In 2019, the center published several scientific papers, including "Validation of a liquid chromatography-tandem mass spectrometry method for analyzing cannabinoids in oral fluid" in the International Journal of Clinical Chemistry; "Regulatory barriers to research on cannabis and cannabinoids: a proposed path forward," in Cannabis and Cannabinoid Research; and most recently, "A cost-effectiveness model for adjunctive smoked cannabis in the treatment of chronic neuropathic pain," also from the pages of Cannabis And Cannabinoid Research.
CSU Pueblo's Institute of Cannabis Research
Launched with funding from the state of Colorado and Pueblo County, the Institute of Cannabis Research (ICR) at Colorado State University, Pueblo came to life in 2016. According to their website, the ICR "is the nation's first multi-disciplinary cannabis research center at a regional, comprehensive institution."
The objectives of the ICR are not only to conduct multi-disciplinary unbiased research but to promote the responsible development of the industry and advance our scientific, legal, and socioeconomic understanding of the plants. Unlike many of the other research initiatives in the country, which are exclusively focused on the therapeutic potential of cannabis, the ICR has an expanded scope of interest covering agriculture, technology, and industrial applications.
The ICR works closely with several state departments, including the Department of Public Health and Environment and the Department of Agriculture. They have connections with the Industrial Hemp Research Foundation and the Hemp Farmers Association. The center is responsible for the publication of the Journal of Cannabis Research.
A few of their most exciting active studies include "Understanding Genomic Constituents of Cannabis and Genetic Regulation Underlying Cannabinoid Production," led by Dr. Sang Hyuck Park, and "Exploring Factors to Mitigate Customer's Perceived Risk of CBD Oil Usage," through Dr. Laee Choi.

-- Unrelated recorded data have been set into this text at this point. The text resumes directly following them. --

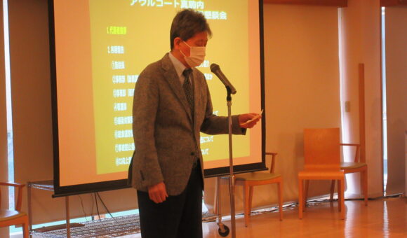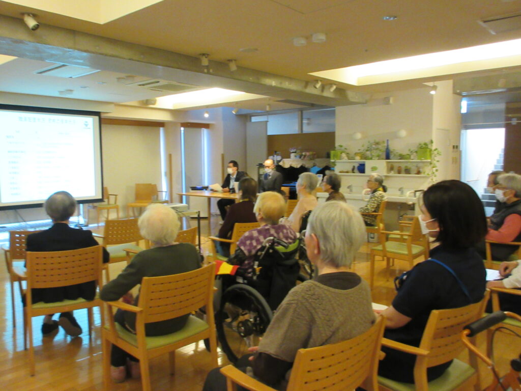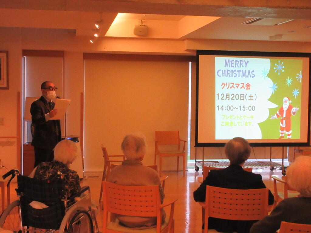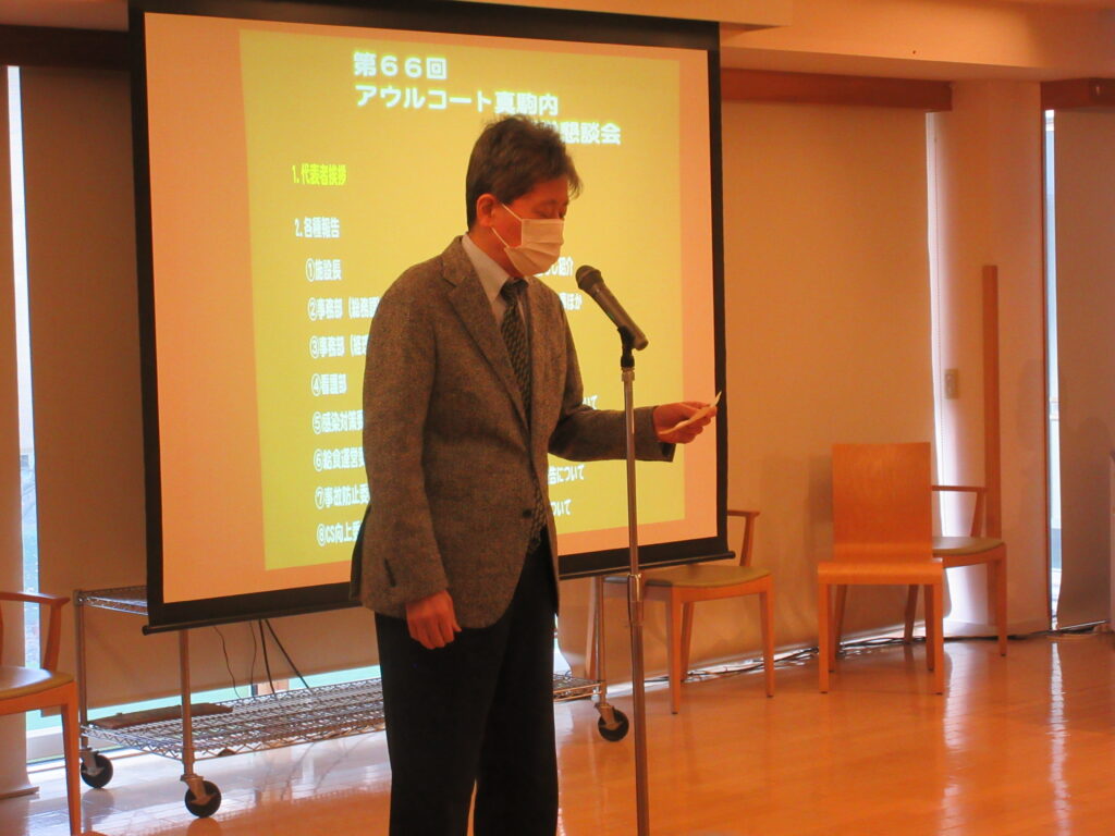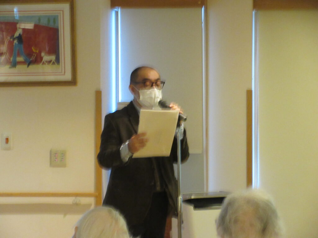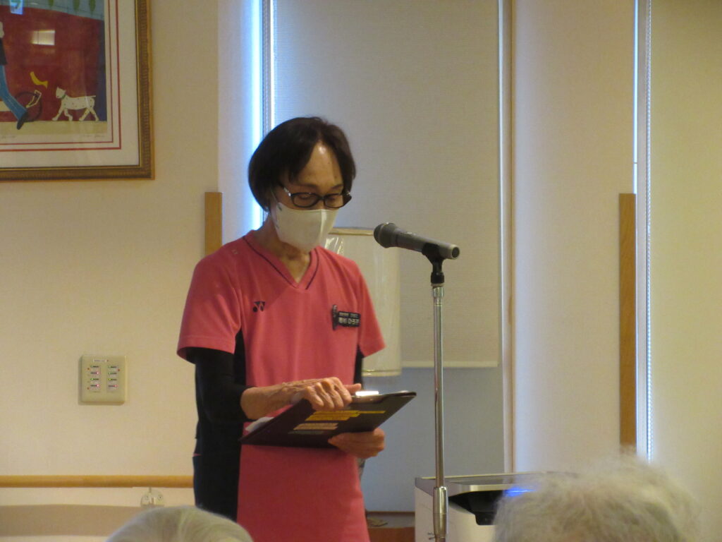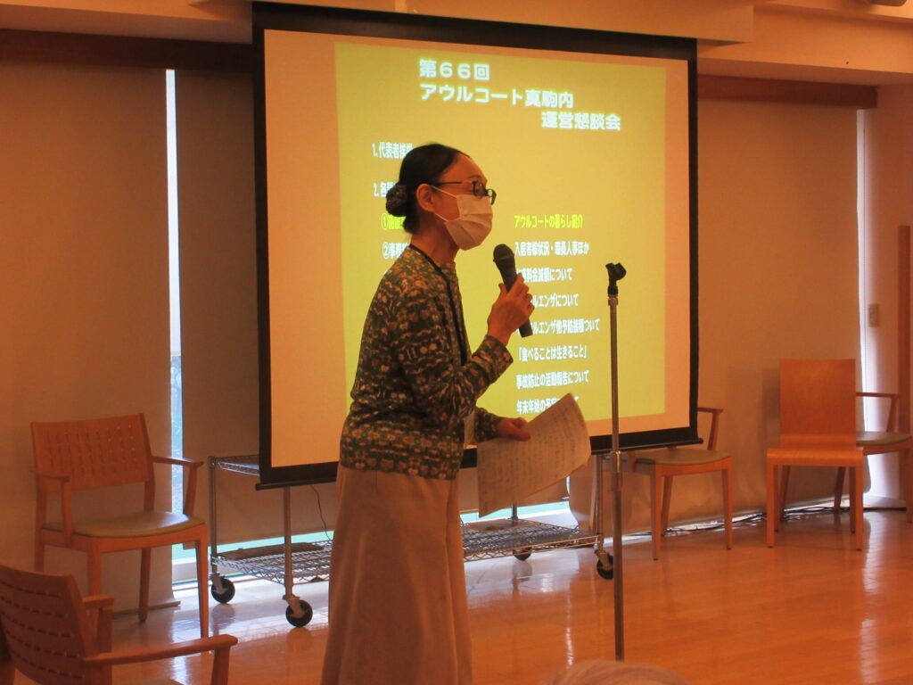 代表挨拶、施設長より「アウルコート秋の暮らし」をスライドで振り返りました。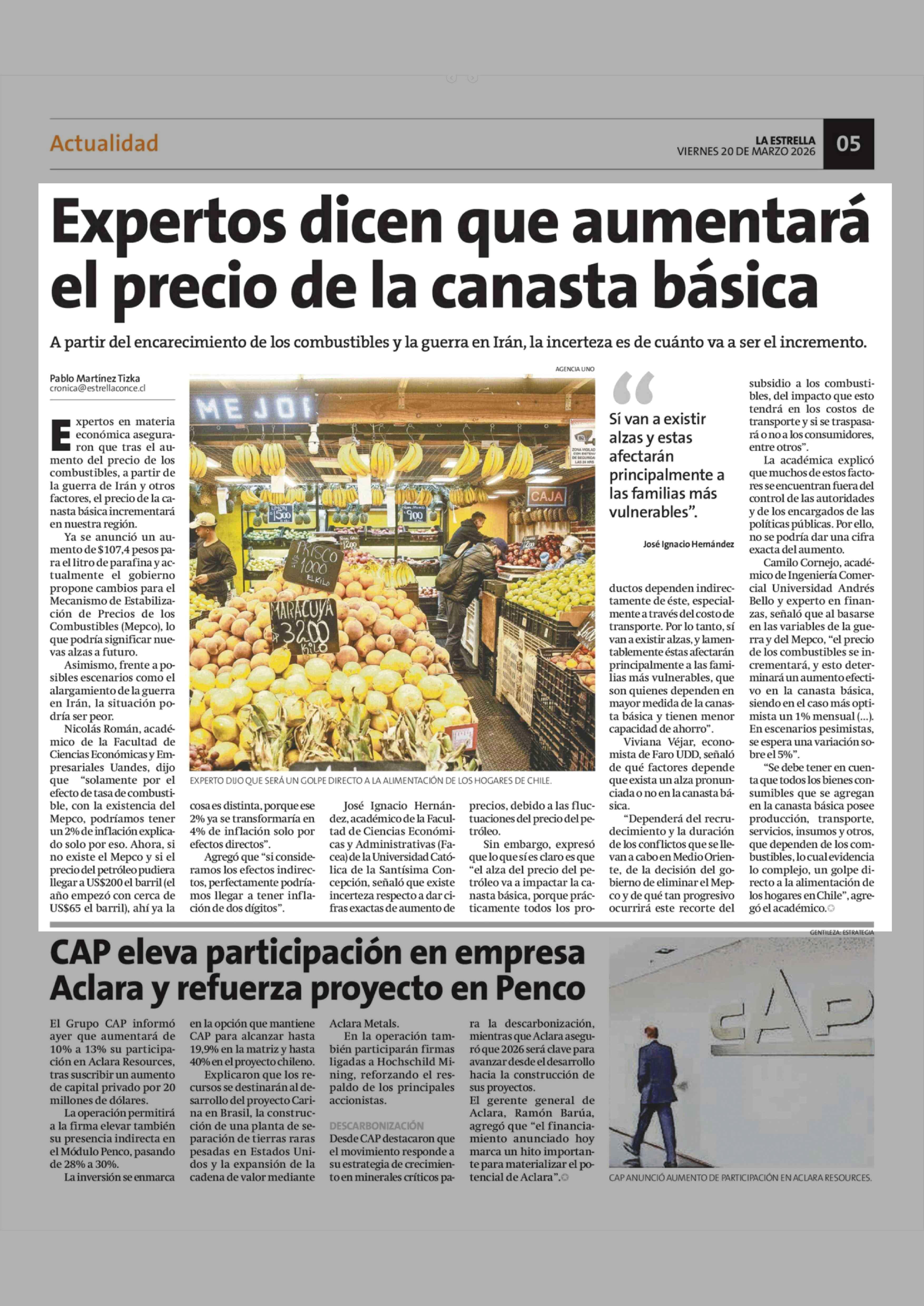 Expertos dicen que aumentará el precio de la canasta básica 20-03-2026 La Estrella de Concepción |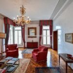 The main door of the palazzo, located along the main façade overlooking the sea, leads into the noble apartment (264 sqm – 2,840 sqft, 4 bedrooms and 3 bathrooms) on the first floor (piano nobile). Interesting detail, the reception hall at the centre of the floor features huge windows at both ends: towards Southwest, the hall overlooks the sea and the isle of Giudecca, while towards Northeast it overlooks the garden and opens up onto a spacious terrace. From here, a staircase leads down to the garden.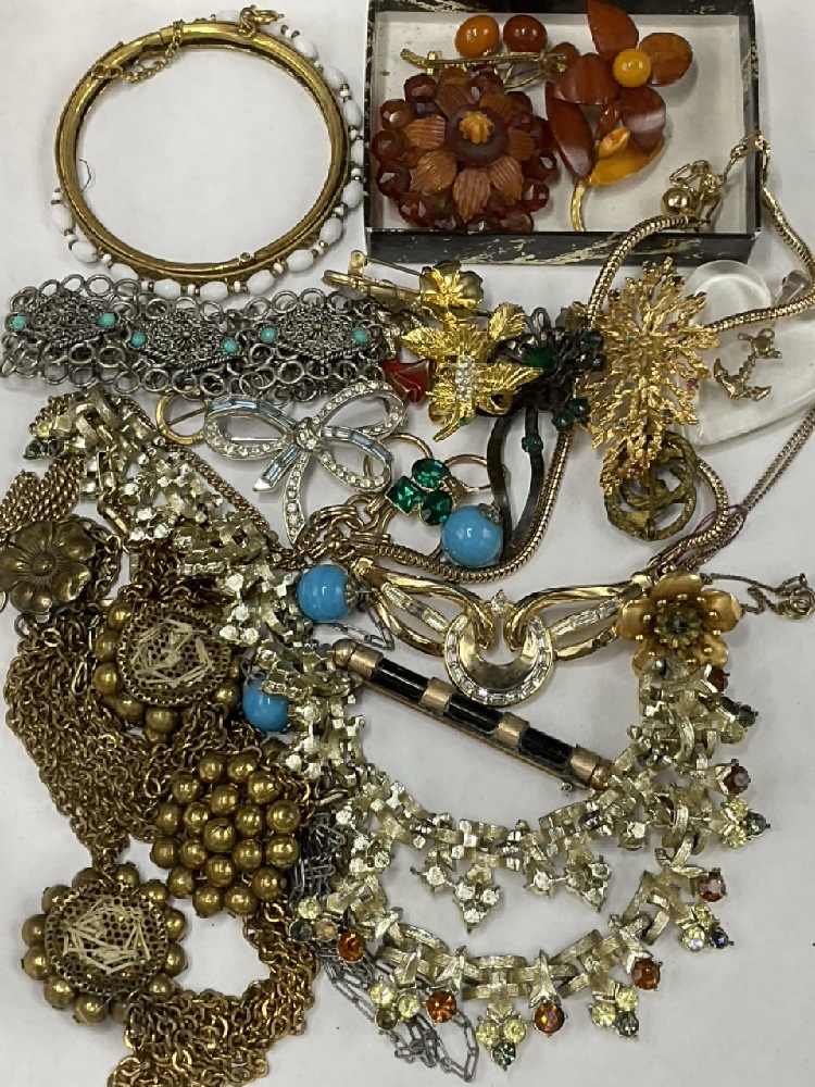 Vintage Costume Jewelry Lot - Miriam Haskell, Coro, Trifari w/ Amber Pieces. As seen in photograph preview.

An Industry Now Supported with Research Initiatives
Until recently, a common argument against the legalization of cannabis was the lack of research into the social, political, and health implications. Although this research was desperately needed, it was nearly impossible to pursue these avenues of study, thanks to the strict regulatory environment.
Today, this environment is finally shifting as well-established and respected organizations launch cannabis research initiatives. There is much to learn about cannabis, and finally, there are places capable of peer-reviewed, unbiased research.